De
repente a palavra ‘presencial’ ganhou notoriedade
Cada
era com seu vocabulário. De repente a palavra “presencial” ganhou uma
notoriedade que antes não tinha. Presencial: significando na presença física
de, em contraste com a ausência de, ou com a presença apenas virtual de. Uma
palavra de muitos sentidos, perfeita para esta era de dissimulações, que só
vendo, tocando e cheirando para crer.
Outra
expressão que deve sua existência à era surgiu no mundo rarefeito do jargão
econômico. Inventada, até onde eu sei, pelo ministro Paulo Guedes, que se sai
melhor fazendo frases do que dirigindo a Economia. Guedes chama de “fura-teto”

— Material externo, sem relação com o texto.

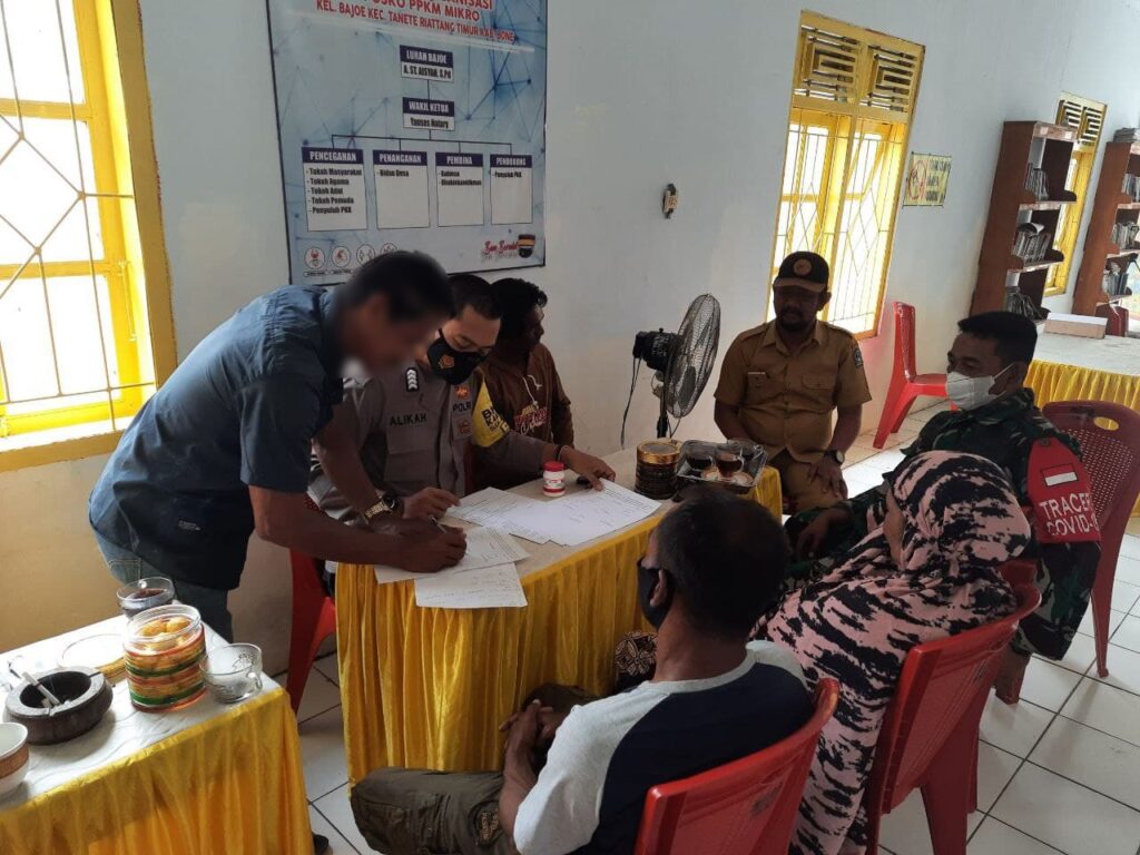 Menghindari terjadinya tindak pidana, 3 pilar kamtibmas bertindak cepat dengan mempertemukan kedua belah pihak di Kantor Lurah Bajoe, Kecamatan Tanete Riattang Timur, Kabupaten Bone untuk dilakukan mediasi. “Senin (17/5/2021).

quem quer ultrapassar os limites da responsabilidade fiscal e se declara um
defensor da inteireza do teto, ameaçada por gastadores com seus sonhos
igualitários irrealistas. Em todo lugar em que os “fura-tetos” são demonizados,
o capitalismo se penitencia, se penitencia, mas não muda. No fundo, o que se
discute não é a defesa do sacrossanto teto, mas sua utilidade nos rituais de
falsa penitência com que o capital protege sua alma junto com seus lucros,
enquanto o sonho é eternamente adiado.
O
livro “O capital no seculo XXI” é um tijolo de 700 paginas que seu autor,
Thomas Piketty, atirou contra a confortável certeza de que é só dar tempo ao
capital que ele se reformará sozinho, provando com estatísticas e gráficos (e
sabendo-se o que se sabe do prontuário do capitalismo) que o milagre é
improvável, e afundando no processo de ilusões social-democratas. Há pouco saiu
outro tijolo do Piketty, este com mais de mil páginas, intitulado “Capital e
ideologia”. Quem teve preparo físico para enfrentar o novo livro, como o
economista Paulo Gurgel Valente, que fez uma valiosa leitura crítica, gostou do
que leu, principalmente porque “Capital e ideologia” é mais abrangente do que o
livro anterior, cobrindo mais história, geografia e economia — apesar de dar
pouca atenção ao Brasil.
Piketty não tem problema em contrariar a ortodoxia marxista, mas deixa claro que é um “fura-teto” convicto. Sabe que pertence a uma minoria: pode contar nos dedos da mão invisível do mercado que os neoliberais tanto gostam de citar a quantidade de economistas do seu lado. Mas é um aliado precioso. Pelos seus tijolaços certeiros.